## EXERCISE DIRECTIONS
Please set down the lines of the listing exactly, from its first line to the line with "The extremely power", leaving the pictures out.

## PROVIDED DATA
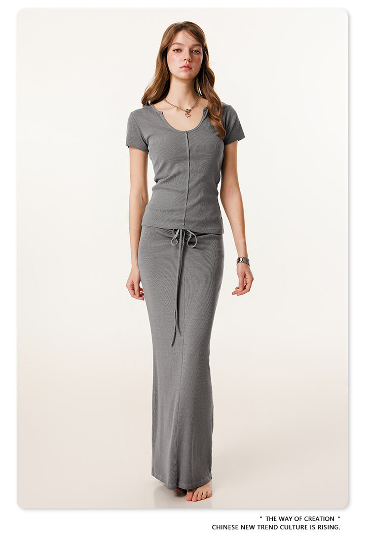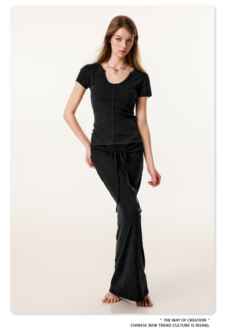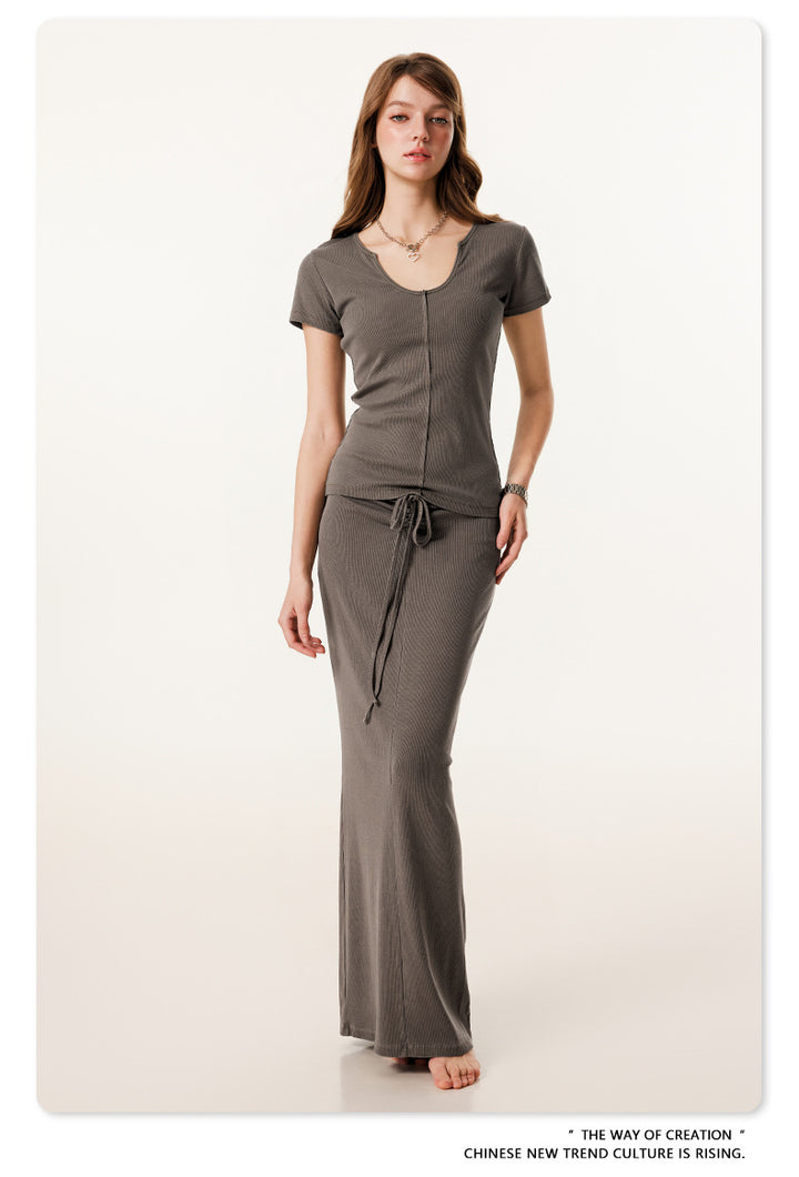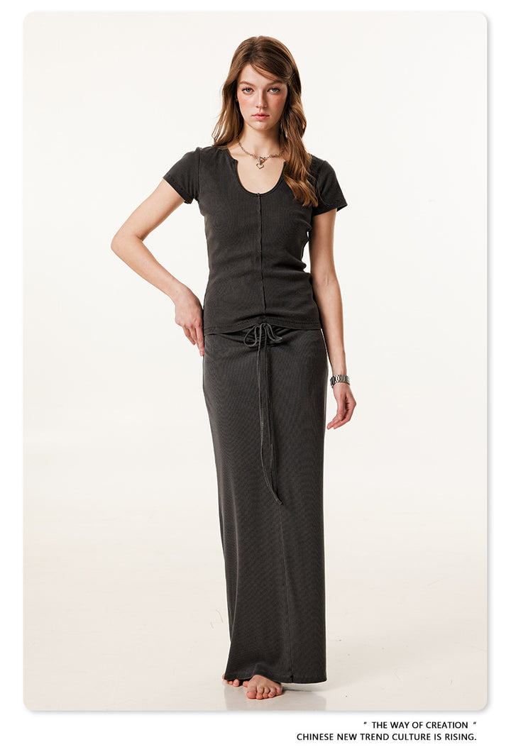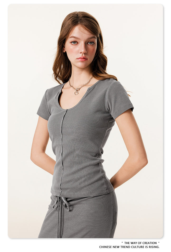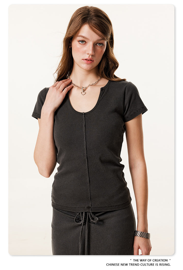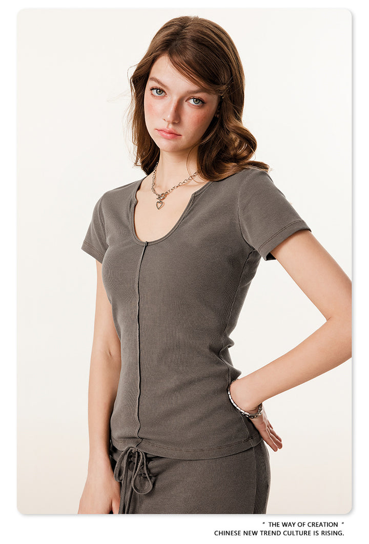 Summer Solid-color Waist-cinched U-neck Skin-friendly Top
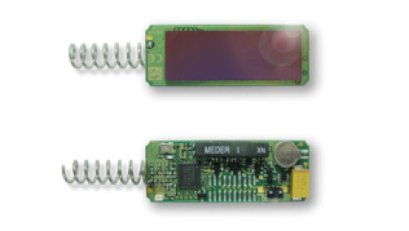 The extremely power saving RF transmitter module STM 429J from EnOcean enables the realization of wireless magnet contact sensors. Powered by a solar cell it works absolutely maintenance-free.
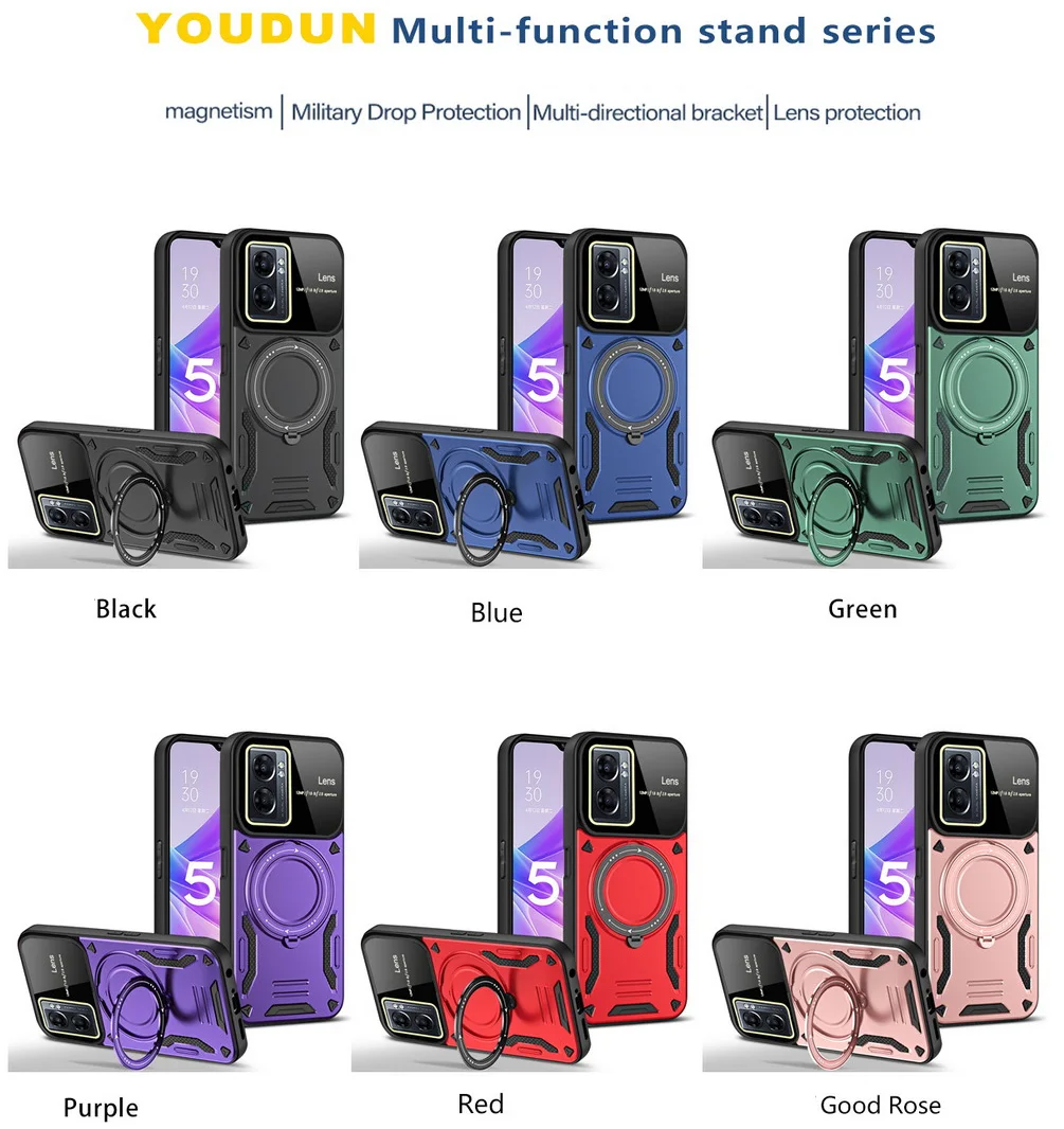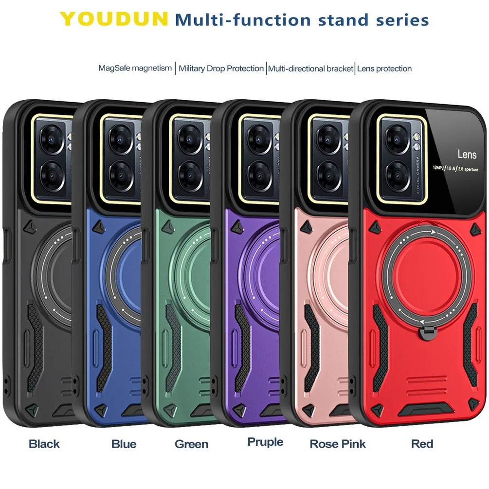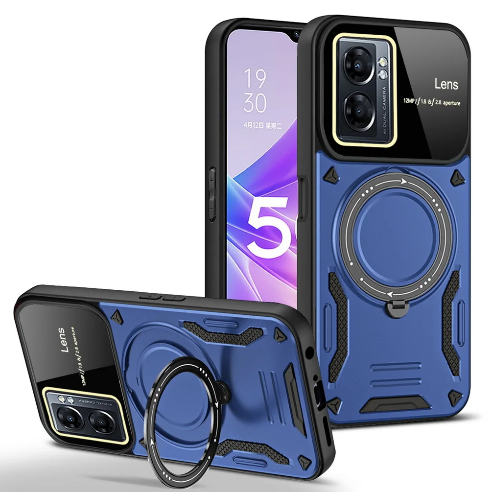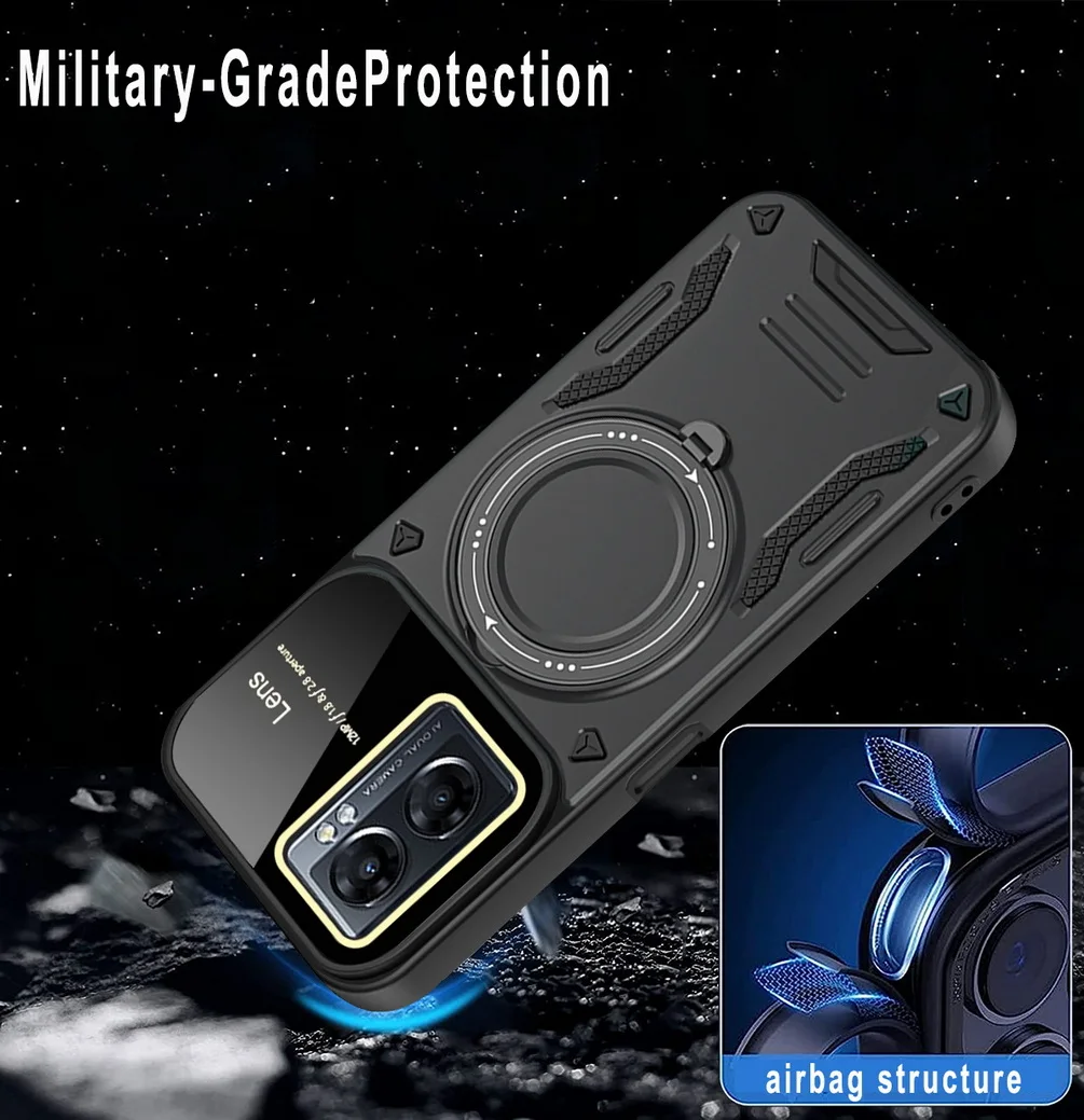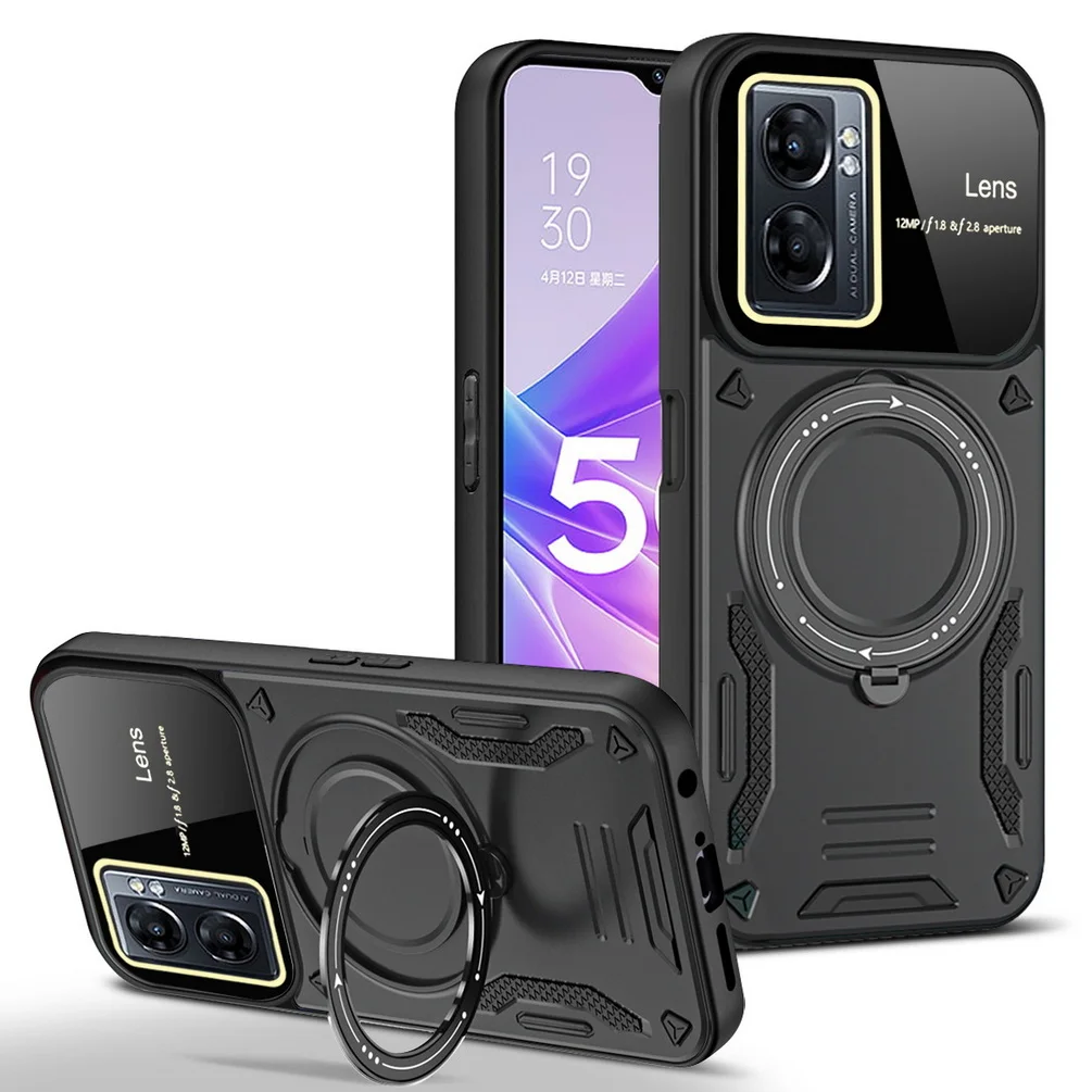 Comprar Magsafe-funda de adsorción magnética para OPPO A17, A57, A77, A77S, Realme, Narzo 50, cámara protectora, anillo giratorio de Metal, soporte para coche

## YOUR RESPONSE
 Summer Solid-color Waist-cinched U-neck Skin-friendly Top
 The extremely power saving RF transmitter module STM 429J from EnOcean enables the realization of wireless magnet contact sensors. Powered by a solar cell it works absolutely maintenance-free.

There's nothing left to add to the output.